Everyone thinks of Morse’s Sauerkraut and its attendant store and café as German, with lots of kraut and sausages. “Oh, we’re not just German,” says Jacquelyn Sawyer, who owns Morse’s with her husband David Swetnam. “There’s Austria and the Alps, and, really, we’re all over Europe at the holidays. Everyone loves stollen,” she says of the rich holiday bread studded with nuts and dried and candied fruits. “We import that, but we have someone local bake our springerle [cookies made with traditional presses and molds depicting animals, flowers, and decorative patterns], and they are wonderful.”

She rattles off a dizzying list of cookies–baumkuchen (“tree cakes”), glazed liebkuchen, and pfeffernusse (ginger snaps) among them–and “German Kinder chocolates, Austrian Reber chocolates, and the finest marzipan in the world,” which Sawyer says is from Lubec, Germany. “We have gingerbreads of all sorts, too; Dutch gingerbreads are phenomenal. From Italy, we have the most beautiful torrone, panettone and panforte.” Even farther from the store’s original German sauerkraut mission are the Walker mincemeats and shortbreads from England.

“You have to come. We get dressed up–it’s like a Bavarian village here.”

Morse’s, 3856 Washington Road, North Waldoboro, 832-5569.

International Market

“Our clientele is Asian, but it also includes Central American, Caribbean, and African,“ says Liz Demers, the manager at Mittapheap Market (pronounced meat-a-fee-up; the word means peace or friendship) at the foot of Portland’s Munjoy Hill. “At the holiday–the lunar new year is in late January but it varies because it’s lunar–the Chinese, Koreans, Vietnamese, and Cambodians like moon cakes.” These are pastry rounds encasing sweetened red bean paste or mung beans; some are green tea flavored.
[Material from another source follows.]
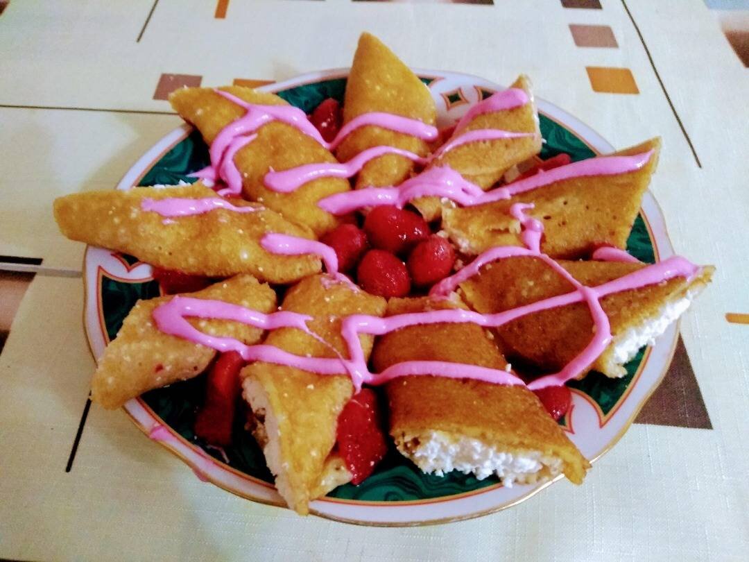#игры #десерт Блинчики получаются очень тоненькие, ажурные, мягкие и вкусные. Одинаково вкусные если готовить их на молоке, кефире, ряженке или простокваше. Приготовлено по рецепту автора IRYNA @MIA_MIA Ингредиенты: Молоко (1 стакан=250 мл), Вода (крутой кипяток), Мука пшеничная, Масло растительное, Сахар, Соль, Сода, Для начинки :, Творог, Сметана 15 %, Сахар, Ванильный сахар, Изюм, Масло сливочное + растительное (для обжарки блинчиков с творогом) Способ приготовления: В миску влейте теплое молоко и положите сахарный песок и соль. Перемешайте. Затем используя сито, просейте муку и соду. Замесите тесто при помощи венчика. Сделайте его однородным по консистенции, чтобы не было явных комочков. Далее разбавьте кипятком, необходимо чтобы вода только что закипела. То есть «заварите» тесто. Сразу же массу размешайте и добавьте растительное масло без запаха. Накройте миску крышкой или пищевой пленкой и дайте тесту постоять хотя бы 10-15 минут, чтобы тесто остыло. Далее очень хорошо разогрейте

Mittapheap’s aisles are as internationally diverse as the neighborhood the market serves. Dried chiles de arbol are stacked next to tiny, fiery dried Thai chili peppers. Crackling packets of skinny Asian rice noodles abut stacked tins of Goya brand sardines in oil and tomato sauce.  “We try to respond to demand. If people ask us to get something, we try.”

The produce section has fresh cilantro, Thai basil, habañero peppers, Chinese broccoli, green papayas, and lemongrass stalks. Makara Meng, arranging a display of knobby Chinese eggplants, says, “At the holidays, our African customers ask for cassava and semolina flours, palm oil, goat meat, and the African eggplant called ‘garden eggs.’”

Mittapheap Market, 61 Washington Avenue, 773-5523.

Little Italy on India

“We bring in panettone, torrone in a lot of shapes, and Italian chocolate, amaretti cookies, jars of rum babas in syrup,” says Rick Micucci at Micucci Grocery in the East End. “Once a year we bring in beautiful, beautiful pastries fresh from the North End in Boston for delivery Christmas Eve–these have to be special-ordered in advance, but you can place your order right up to December 20. There’s ricotta pies, napoleons, and what they call lobster-tail pastries. We get in a lot of dried salt cod for baccalà, and we put out big bins of really best-quality chestnuts for roasting.”

Gil Galli leads the way into the stock room, lined with floor-to-ceiling shelves of imported goods with exotic labels. “Christmas wine? First we get in a lot of Beaujolais Nouveau, and then everyone wants prosecco.” He opens the top carton on a stack of wine cartons and pulls out a special-occasion-pretty bottle of Jeio prosecco. “We’ll go through a lot of this. It seems to be the one everyone wants.”

Just the thing to go with the seven fishes on Christmas Eve.